◆ What needs to be done:
Exactly as they appear, copy the lines from the one holding "Mahd im Frühsommer" through the end of the records, leaving pictures out.

◆ Provided records:
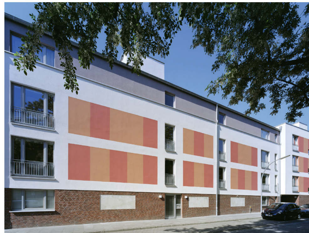
23 barrierefreie Apartments

Die Wohnanlage ist nach modernen Grundsätzen konzipiert und funktional-praktisch ausgestattet. Das Gebäude erfüllt den Energiestandard nach KfW 60, was durch eine hohe Wärmedämmung, den Einsatz von Solarthermie zur Brauchwassererwärmung und einer kontrollierten Wohnraumlüftung erreicht wird.
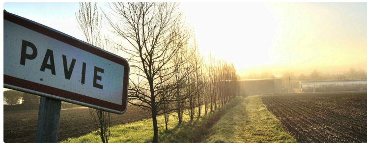
Avec envie nous irons à Pavie

Nous irons promener Mardi prochain 12 novembre 2024.
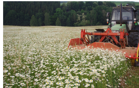
Mahd im Frühsommer
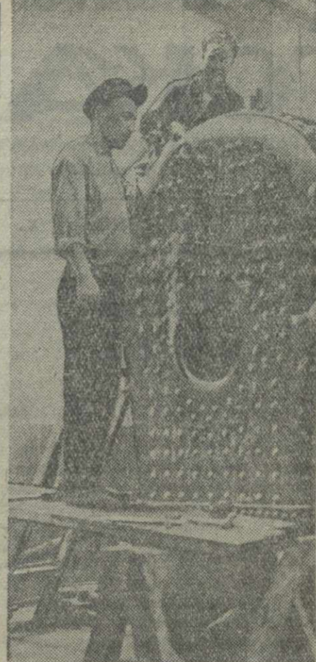
Бригада котельного цеха паровозово-агрегатного завода им. СТАЛИНА на Дню железнодорожника обвязала вывешенные котлы проволокой...
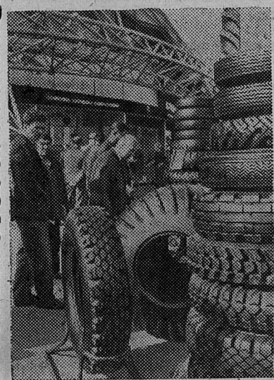
Москва. Международная выставка «Химия в промышленности, строительстве и сельском хозяйстве» в парке культуры и отдыха Сокольники.

На снимке: посетители знакомятся с автомобильными покрывками, выпускаемыми советской промышленностью. Здесь представлены автопокрывки для специальных машин, автомашин, работающих в заболоченных местах, песках, глубоком снегу, покрывки с цельным съемным протектором и со сменными протекторными кольцами и многие другие виды автомобильных покрывшек.
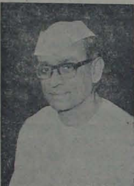
తొలిసారిగా విదేశాలకు పోతున్న శ్రీమంత్రి

అయితే మేము ముందంజ వేసినది కాంగ్రెస్ విజయం అని ఉంది. గత పదిహేనురోజులనుండి ఎంతో తలచావచ్చు, ఎంతో భారణంగా సంగ్రామంలో ముందంజ వేసినవారంతా ముందంజ వేసినవారే కాదు, వాటిని తిరస్కరించినవారు కూడా ఉన్నారు.

◆ Written solution:
Mahd im Frühsommer
Бригада котельного цеха паровозово-агрегатного завода им. СТАЛИНА на Дню железнодорожника обвязала вывешенные котлы проволокой...
Москва. Международная выставка «Химия в промышленности, строительстве и сельском хозяйстве» в парке культуры и отдыха Сокольники.

На снимке: посетители знакомятся с автомобильными покрывками, выпускаемыми советской промышленностью. Здесь представлены автопокрывки для специальных машин, автомашин, работающих в заболоченных местах, песках, глубоком снегу, покрывки с цельным съемным протектором и со сменными протекторными кольцами и многие другие виды автомобильных покрывшек.
తొలిసారిగా విదేశాలకు పోతున్న శ్రీమంత్రి

అయితే మేము ముందంజ వేసినది కాంగ్రెస్ విజయం అని ఉంది. గత పదిహేనురోజులనుండి ఎంతో తలచావచ్చు, ఎంతో భారణంగా సంగ్రామంలో ముందంజ వేసినవారంతా ముందంజ వేసినవారే కాదు, వాటిని తిరస్కరించినవారు కూడా ఉన్నారు.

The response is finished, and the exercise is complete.